O crescimento foi enorme sim, mas sem nenhuma consistência, todo ele baseado num irresponsável endividamento público, que de pouco mais de 3 bilhões de dólares ao tempo de Jango saltou para estratosféricos 100 bilhões com Figueiredo. E este ainda tendo que se humilhar para pedir dinheiro emprestado ao FMI, alegando que o país estava simplesmente falido.

 

O PIB inchou sim – essa é a expressão correta, mas a forma como se deu beirou a covardia: extremamente concentrado, beneficiando e locupletando uma elite e algumas mínimas parcelas da classe média. Do outro lado, bem, melhor seria dizer: lá embaixo no abismo, a massa trabalhadora empobrecia a olhos vistos, era vitimada por uma absurda política de arrocho salarial (numa antecipação do que viria a ocorrer novamente com o ajuste neoliberal de FHC).

 

O povo, trabalhador e pobre, a quem os militares prometeram salvar das garras do comunismo, era covardemente aviltado. E era deste povo que, além de arrancar suor e sangue, o regime extraía dinheiro e mais dinheiro para financiar a compra a crédito barato de secador de cabelo, TV, rádio, geladeiras, automóveis por parte de um segmento privilegiado – este sim protegido. E hoje, com toda razão, tem por que chorar pela volta da ditadura. Nesta, o povo tinha que trabalhar duro para que elas (as madames) deixassem suas perucas brilhando.

 

O ridículo a que se chega por parte dos saudosistas só se agrava quando passam a recorrer aos chamados “grandes empreendimentos” do regime. Pura bazófia. Obras sem nenhuma transparência e controle de gastos – quem denunciasse era morto; inúmeras se mostraram um fracasso (Transamazônica, estádios de futebol gigantescos em praças sem nenhum apelo, usina de Angra); e só contribuíram para o alarmante endividamento do país, fazendo a alegria dos bancos internacionais e empreiteiras.

 

E se já não bastassem as construções bizarras, ao menos no Rio a ditadura primou também pela destruição insana de preciosidades do espaço carioca, como o Palácio Monroe. Marcos da Cidade Maravilhosa, postos abaixo pela boçalidade tecnocrática. Um ato simplesmente criminoso.
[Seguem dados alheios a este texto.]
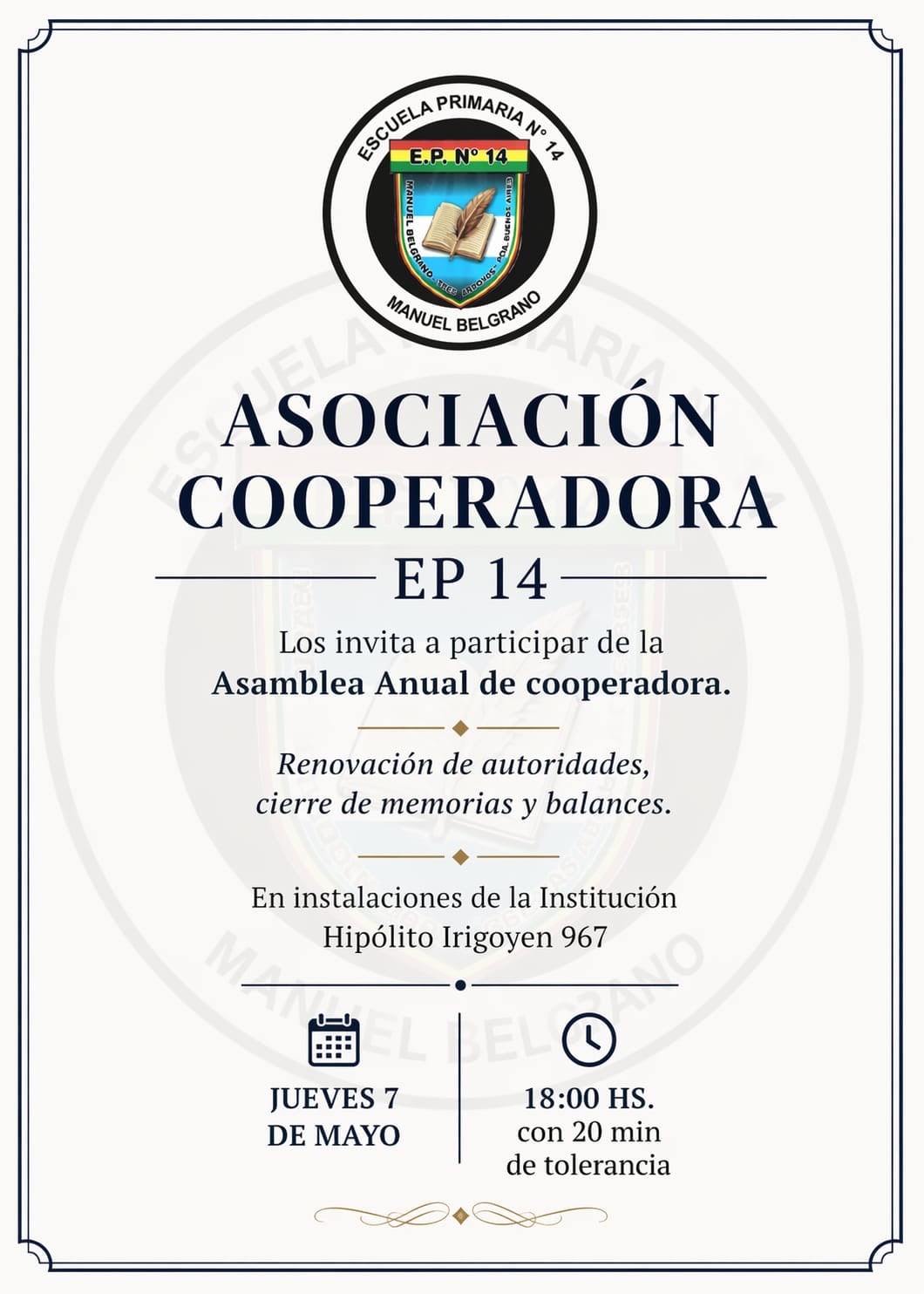 La Asociación Cooperadora de la Escuela Primaria N° 14 “Manuel Belgrano” convoca a la Asamblea Anual que realizará el jueves 7 de mayo desde las 18 horas, con 20 minutos de tolerancia, en las instalaciones de Hipólito Yrigoyen 967.

Mais um dentre milhares.

 

E mais do que a corrupção, muitas dessas obras acabaram ceifando a vida de inúmeros trabalhadores. Calcula-se que só nas rodovias construídas na Região Amazônica 8 mil índios tenham sido exterminados. Para “limpar o território” recorreu-se fartamente às práticas denominadas “correrias”, expedições organizadas para dizimar etnias indígenas até o final da década de 1970, principalmente no sul do Acre e do Amazonas. Ou seja, estamos diante de um verdadeiro genocídio. E não esqueçamos da Ponte Rio-Niterói, tão endeusada, mas que vitimou centenas de operários, que trabalhavam sem qualquer proteção, em situações de flagrante perigo. Resultado: muitos deles acabaram sendo “concretados” vivos.

 

Recorrer à realização de obras faraônicas para enaltecer a selvagem ditadura militar que foi imposta aos cidadãos e cidadãs brasileiros com base no terror e – muito pior! – tentar absolvê-la dos seus inúmeros crimes (prisões arbitrárias, torturas, sevícias, choques, afogamentos, perseguições, estupros, ocultação de cadáveres etc.) é não apenas um insulto ao mais reles senso de dignidade, como uma afronta à verdade histórica.

 

Se já não bastassem os crimes prescritos contra seres humanos, as viúvas da sanguinária ditadura “cívica, redentora, cristã e democrática“ seguem com seu espetáculo abominável de agressões, só que agora tentando vitimar a própria história e, de quebra, a razão. Triste!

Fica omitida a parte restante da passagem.